■ **Required work**: Write out nothing but the lines from the first line of the entries below through the line with "Kotníkové boty jsou"; no pictures go in.

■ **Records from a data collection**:
=== Section Start ===

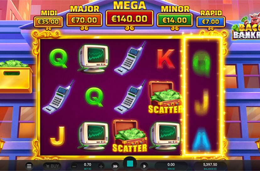 Get ready for sizzling action in Bacon Bankroll, a Wall Street-themed slot with stacked symbols and static jackpots. With win potential over 5,000x, watch your piggy bank grow with each spin as you chase big payouts and enjoy the thrill of the stock market.
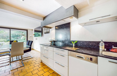 The cozy house awaits you on an idyllic, overgrown plot and offers the best conditions for a varied break. Round off a wonderful day's vacation with a meal together and make yourself comfortable on the sofa with a view of the garden, make plans for the coming days and enjoy your time together.
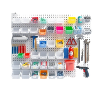 Pegboard bins are clear plastic storage containers that hang on pegboards to organize small items like tools, hardware, nuts, bolts, and craft supplies in garages or workshops.
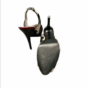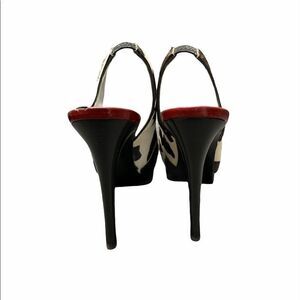 Gorgeous Guess pony hair platform sling backs in a red, black and white cow skin design great for this seasons trend. These shoes have been gently used.
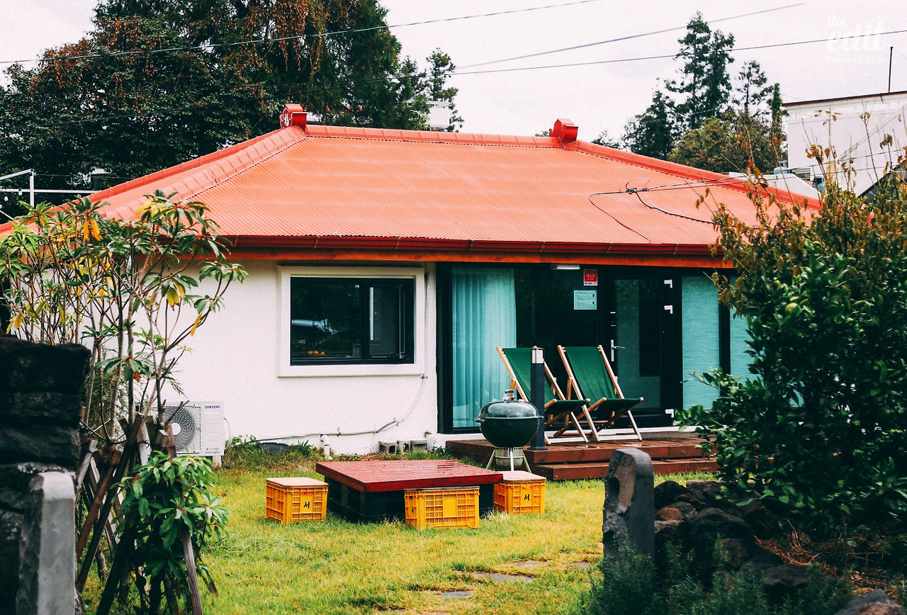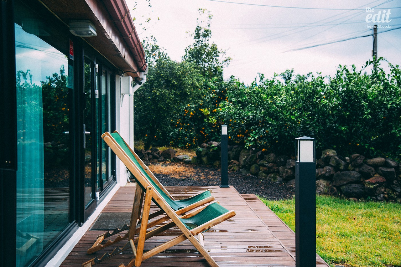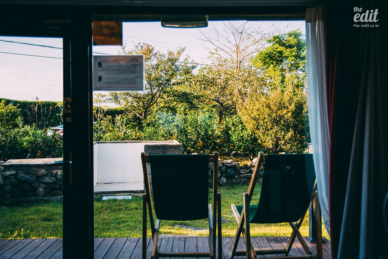 그래서 겉모습은 그저 제주도에 흔하디흔한 가옥이다. 전통적인 초가집도 아니고 돌집도 아니다. 슬래브지붕과 회벽으로 이뤄진 평범한 외양이다. 대신 내부가 덜 춥고 흙먼지도 없다. 외떨어진 숲 속도 아니다. 제주도의 따뜻한 남쪽(중문과 서귀포 사이) 평화로운 마을에 위치해 있다. 조용한 동네지만 주변에 집들이 많기 때문에 밤에도 쓸쓸하지 않고 안전하다. 마당이 꽤 넓어서 저녁에 바비큐를 해 먹어도 크게 주위에 폐를 끼치지 않는다.
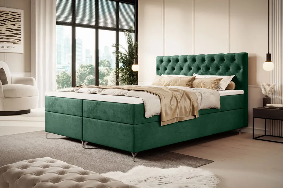 Zielony welur wygląda przepięknie i nadaje sypialni elegancki, luksusowy charakter. Pikowany zagłówek jest miękki i wygodny do opierania.. Dostawa była sprawna, a łóżko jest stabilne i solidnie wykonane - polecam!
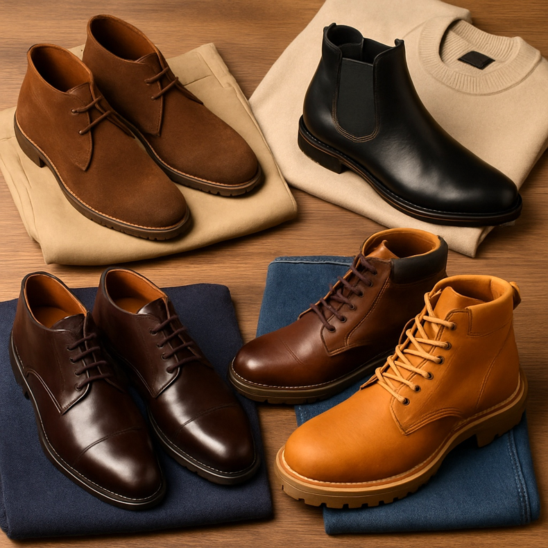 Kotníkové boty jsou kategorií, která zahrnuje různé styly: Chelsea boty, kotníkové boty, chukka boty, Chelsea boty. Hlavní znak: horní část dosahuje nad kotník (5-10 cm výše). Výhody: podpora hlezenního kloubu, ochrana proti chladu, univerzálnost (elegance + funkčnost), dobrý střih s dlouhými a ke kolenům dlouhými kalhotami.
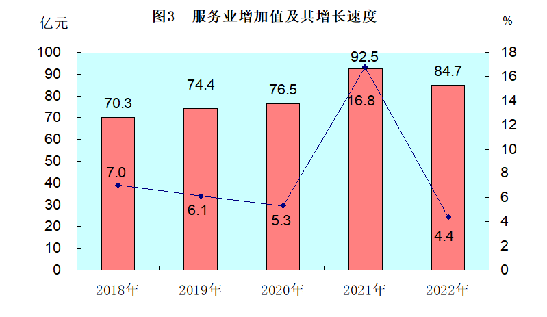 全年全縣服務(wù)業(yè)增加值84.7億元,按不變價格計算,比上年增長4.4%。其中,批發(fā)和零售業(yè)增加值14億元,增長15%;交通運輸、倉儲和郵政業(yè)增加值13.2億元,增長9.2%;住宿和餐飲業(yè)增加值1.9億元,增長5.5%;金融業(yè)增加值6.8億元,下降2.9%;房地產(chǎn)業(yè)增加值15.3億元,下降9.2%;營利性服務(wù)業(yè)增加值10.8億元,增長6.1%;非營利性服務(wù)業(yè)增加值21.6億元,增長9%。
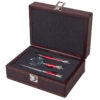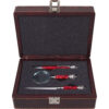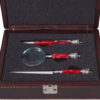 Подарочная упаковка: Набор представлен в жестком футляре из бордовой сплит- кожи с поролоновым ложементом, который гарантирует сохранность аксессуаров и подчеркивает ценность подарка.
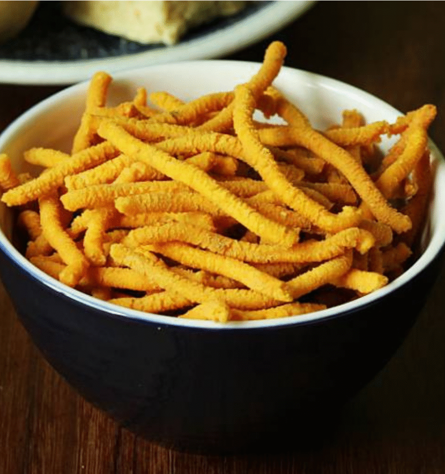 Kara Sev is a hot and spicy fried noodle-shaped snack made from besan and ajwain (carom seeds). It’s bold in flavor and great to munch on during movie nights or tea time.
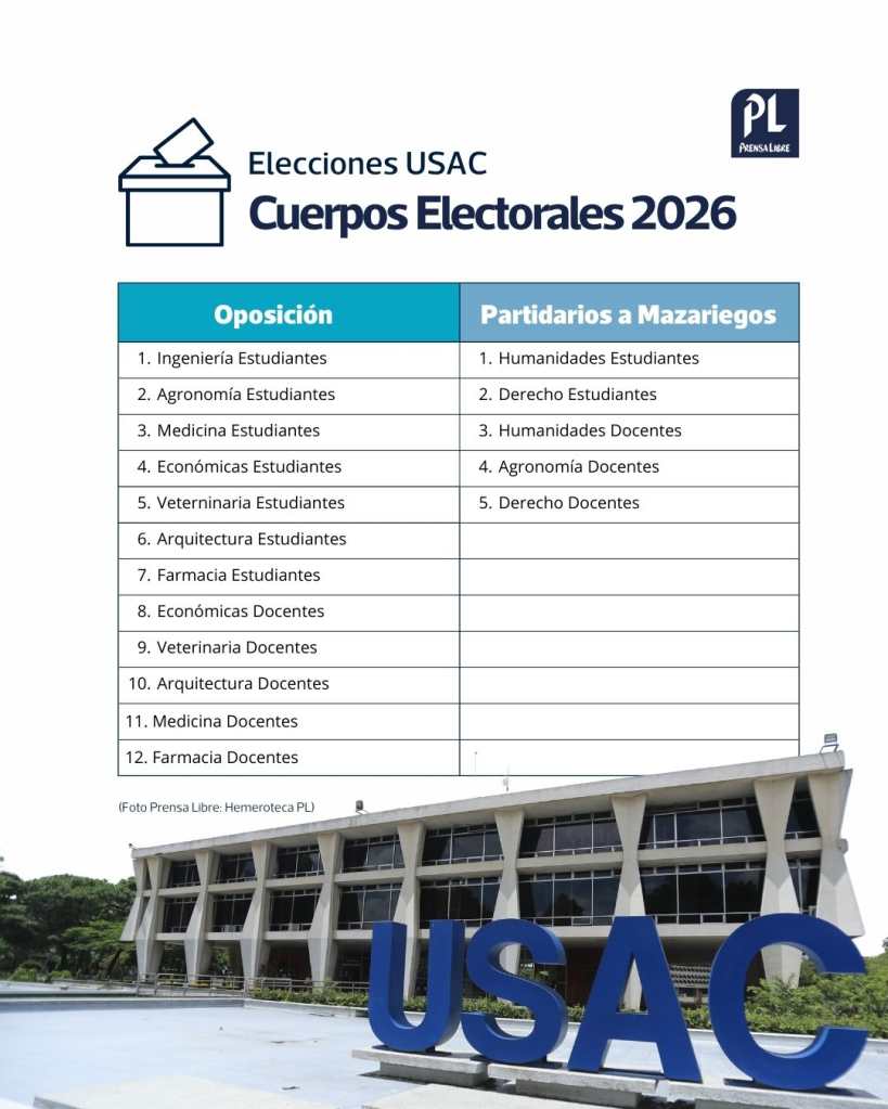 Con las últimas votaciones celebradas, la oposición al actual rector de la Universidad de San Carlos de Guatemala (Usac) elevó a 12 el número de cuerpos electorales obtenidos, mientras que cinco quedaron en manos de agrupaciones afines a la administración de Walter Mazariegos.
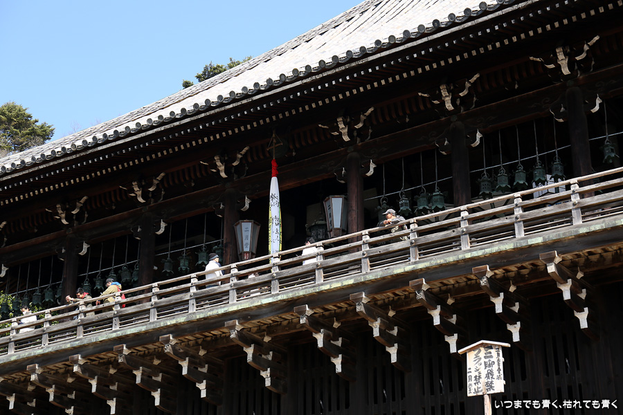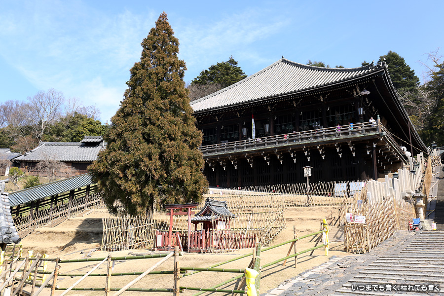 私の大好きなさだまさしの「修二会」を聴くたびに、頭の中でその世界を想像していました。修二会本行は3月1日から3月14日まで。この間は連夜、二月堂にお松明が走ります。いつかは見てみたいと思っていましたが、お水取りの日(3月12日)の大混雑は避けて、今夜を選んで出かることにしました。写真は、お松明の時刻を待つ昼間の二月堂の写真です。
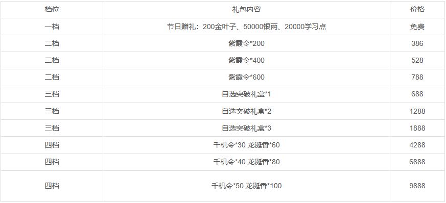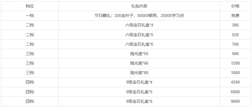 活动一:活动期间将限时上架节日礼包,礼包内容如下:
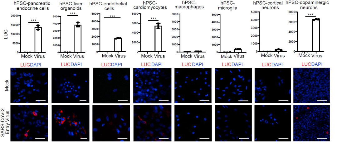 作者提出了一個(gè)由人類多能干細(xì)胞(hPSCs)的細(xì)胞和類器官組成的實(shí)驗(yàn)平臺(tái)。具有刺突結(jié)構(gòu)的假病毒可感染胰腺內(nèi)分泌細(xì)胞,肝類器官,心肌細(xì)胞和多巴胺能神經(jīng)元。最近的一些臨床研究表明COVID-19還與糖尿病關(guān)系密切。
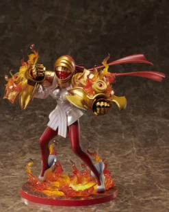 From the hugely popular game Fate/Extella comes a 1/7 scale figure of the flaming crimson tyrant emperor, Saber Regalia Nero Claudius! Standing ready to fight with her fists up and a confident smile on her face, Nero stands on a flaming base fully armed with flaming golden fists and a golden helmet. She also comes with two additional head pieces (one of her helmet with the visor down and one without her helmet), and her fist armor parts can also be removed, giving fans several ways to display her. Summon this Heroic Spirit to your collection!
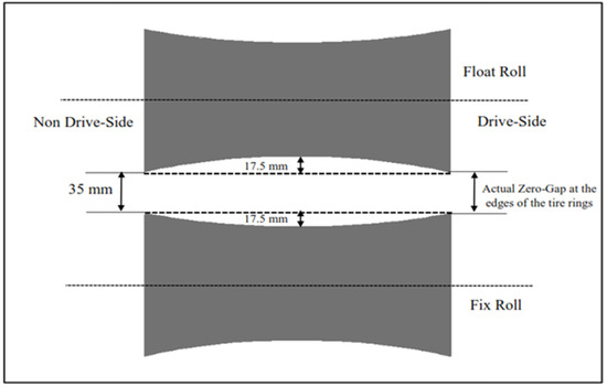 Investigations revealed that no gap adjustments were made during operation, despite roll wear and changes in feed size distribution. As a result, the zero gap increased from 35 mm to 70 mm (Figure 8) without any adjustment to the shim plates. In other words, the zero gap exceeded the required working gap of 55 mm.
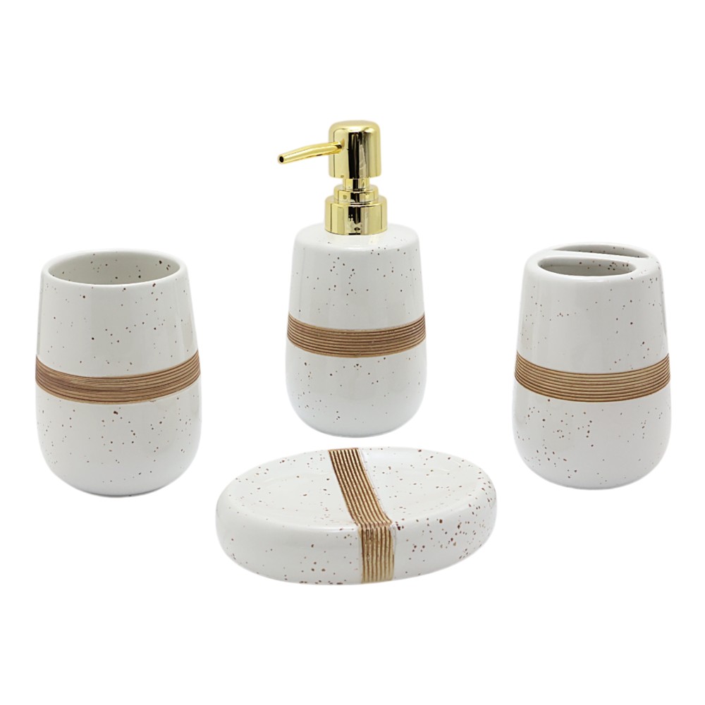 Po vlerësoni:Set aksesorë tualeti, 4 copë,Stripe W, Qeramikë, E bardhë, 2X 12x8.5 cm, 6x11 cm, 17x6.5 cm
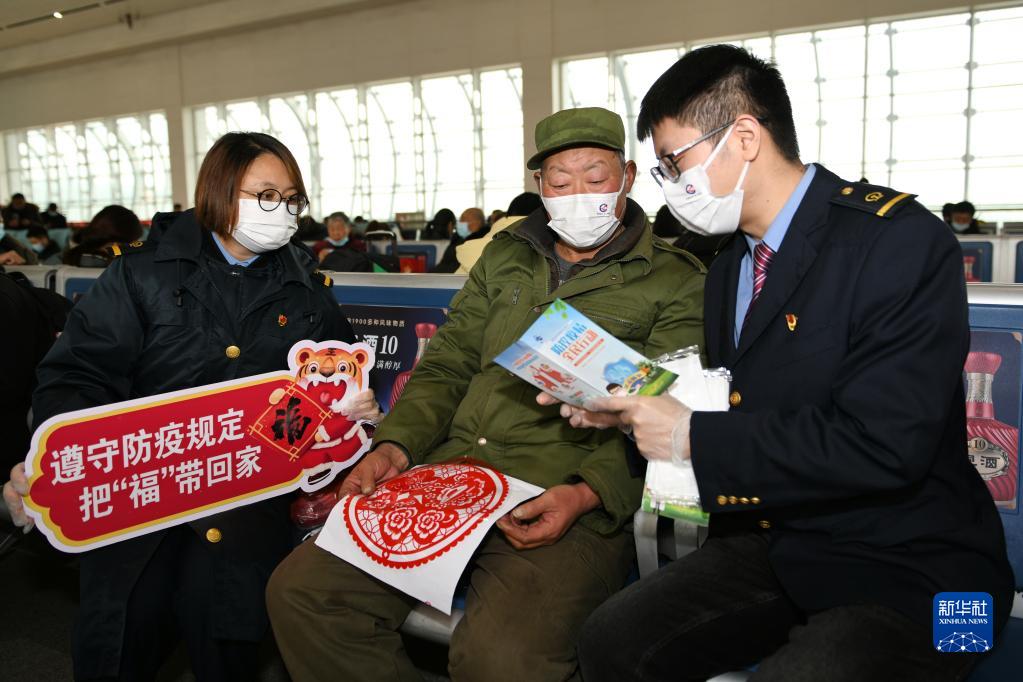 1月16日,在常州站候车室,铁路工作人员在给候车旅客送上福字、窗花并宣传安全乘车知识和春运防疫要求。
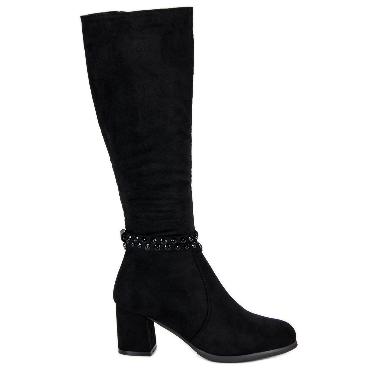 Cizmele cu toc înalt, stilate și elegante, de piele de căprioară, în negru, sunt o alegere perfectă pentru fiecare femeie la modă care vrea să iasă în evidență în mulțime. Realizate din piele intoarsa ecologica, acestea imbina confortul si designul unic. Aceste cizme până la genunchi vor deveni cu siguranță un element indispensabil al garderobei tale de toamnă.
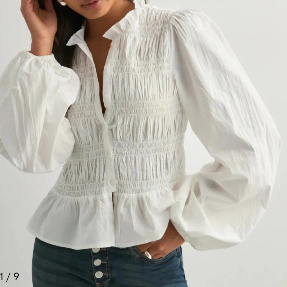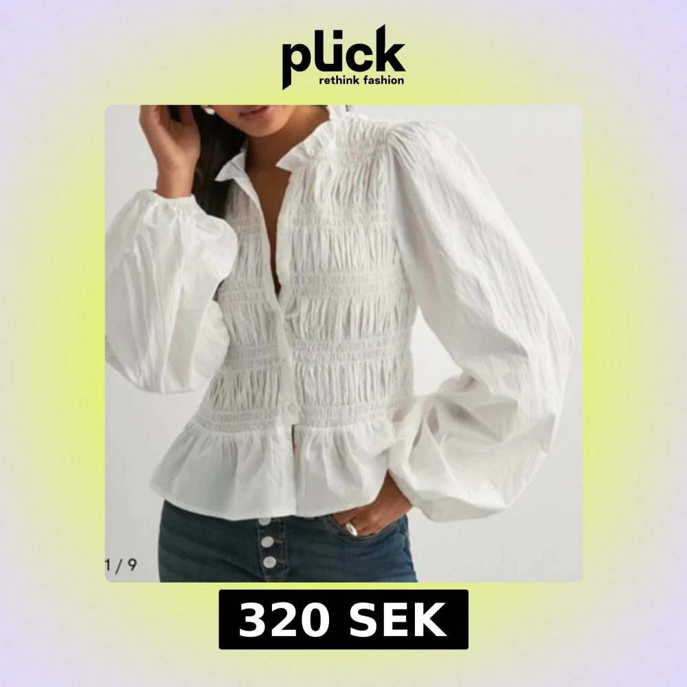 Supersöt vit blus med volangkant nertill och puffiga långärmar. Knabbast andvänd därav säljer nu vidare. 🩷🩷
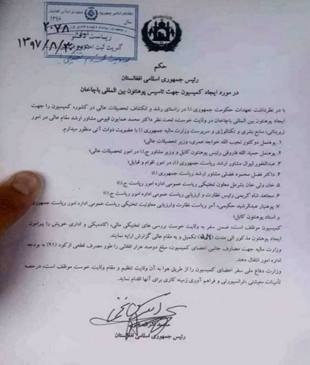 ۸– د خوست ښار د هندوانو کلی څخه د شرق په امتداد سړک دې تر خونی خوړه پورې د ۴۰ متره په عرض په پلان کې ونیول شی.- خوست له محترم والی صیب څخه مو هیله او غوښتنه ده چې د خوست ښار د پراختیا، پرمختیا، ښکلا او سمسورتیا لپاره د دغې طرحې د تخنیکی ارزونې، پلان جوړولو او منظورۍ او د اسنادو ترتیب لپاره د خوست اړونده ادارو ته لازمې لارښوونې وکړی.د ښار جوړولو محترم وزارت څخه مو هیله دا ده چې تر تخنیکی او فنی سروې وروسته یاده پیشنهادی طرحه منظوره او د خوست ښار لپاره په جوړیدونکی ماسټر پلان کې شامله کړی. د جمهوری ریاست د چارو ادارې له محترم تخنیکی معینیت او په ځانګړی توګه له ښاغلیو بشرمل صیب او کریمی صیب څخه مو هم هیله دا ده چې دا خاکه د ښارجوړولو وزارت له تخنیکی ارزونې وروسته له یاد وزارت سره په همغږۍ داسنادو له ترتیب وروسته دافغانستان دکابینې غونډې ته دمنظورۍ لپاره وړاندې کړی.
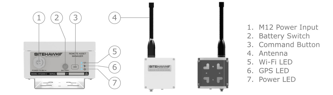 The SiteHawk ST220W provides location tracking and remote monitoring capabilities to your field equipment using your outdoor Wi-Fi network.  Installation is a simple process of mounting the device with sky-view and connecting power.  The outdoor mounting removes additional enclosure requirements and the integrated GPS and Wi-Fi antennas eliminate the complexities of RF cabling.  The minimal cabling and flexible mounting option equates to a fast and simple installation, reducing the time and complexity of deployments.
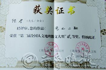 另外,经2013年中国旅游散文创作高峰论坛专家评审委员会评定,徐君同时获评“中国旅游散文创作实力作家”称号。
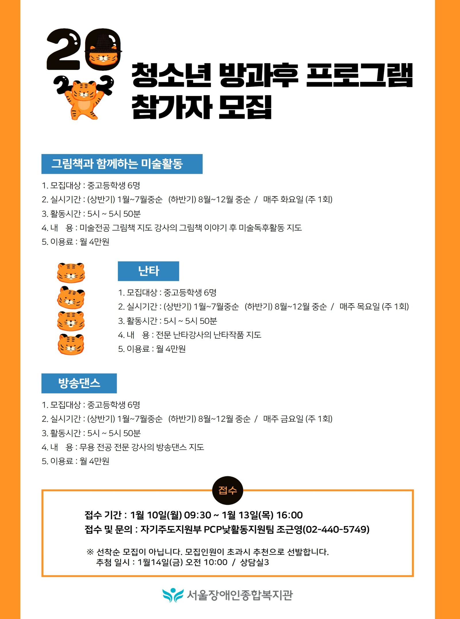 접수 및 문의 : 자기주도지원부 PCP낮활동지원팀 조근영(02-440-5749)

=== Section End ===

■ **Your response**:
 Get ready for sizzling action in Bacon Bankroll, a Wall Street-themed slot with stacked symbols and static jackpots. With win potential over 5,000x, watch your piggy bank grow with each spin as you chase big payouts and enjoy the thrill of the stock market.
 The cozy house awaits you on an idyllic, overgrown plot and offers the best conditions for a varied break. Round off a wonderful day's vacation with a meal together and make yourself comfortable on the sofa with a view of the garden, make plans for the coming days and enjoy your time together.
 Pegboard bins are clear plastic storage containers that hang on pegboards to organize small items like tools, hardware, nuts, bolts, and craft supplies in garages or workshops.
 Gorgeous Guess pony hair platform sling backs in a red, black and white cow skin design great for this seasons trend. These shoes have been gently used.
 그래서 겉모습은 그저 제주도에 흔하디흔한 가옥이다. 전통적인 초가집도 아니고 돌집도 아니다. 슬래브지붕과 회벽으로 이뤄진 평범한 외양이다. 대신 내부가 덜 춥고 흙먼지도 없다. 외떨어진 숲 속도 아니다. 제주도의 따뜻한 남쪽(중문과 서귀포 사이) 평화로운 마을에 위치해 있다. 조용한 동네지만 주변에 집들이 많기 때문에 밤에도 쓸쓸하지 않고 안전하다. 마당이 꽤 넓어서 저녁에 바비큐를 해 먹어도 크게 주위에 폐를 끼치지 않는다.
 Zielony welur wygląda przepięknie i nadaje sypialni elegancki, luksusowy charakter. Pikowany zagłówek jest miękki i wygodny do opierania.. Dostawa była sprawna, a łóżko jest stabilne i solidnie wykonane - polecam!
 Kotníkové boty jsou kategorií, která zahrnuje různé styly: Chelsea boty, kotníkové boty, chukka boty, Chelsea boty. Hlavní znak: horní část dosahuje nad kotník (5-10 cm výše). Výhody: podpora hlezenního kloubu, ochrana proti chladu, univerzálnost (elegance + funkčnost), dobrý střih s dlouhými a ke kolenům dlouhými kalhotami.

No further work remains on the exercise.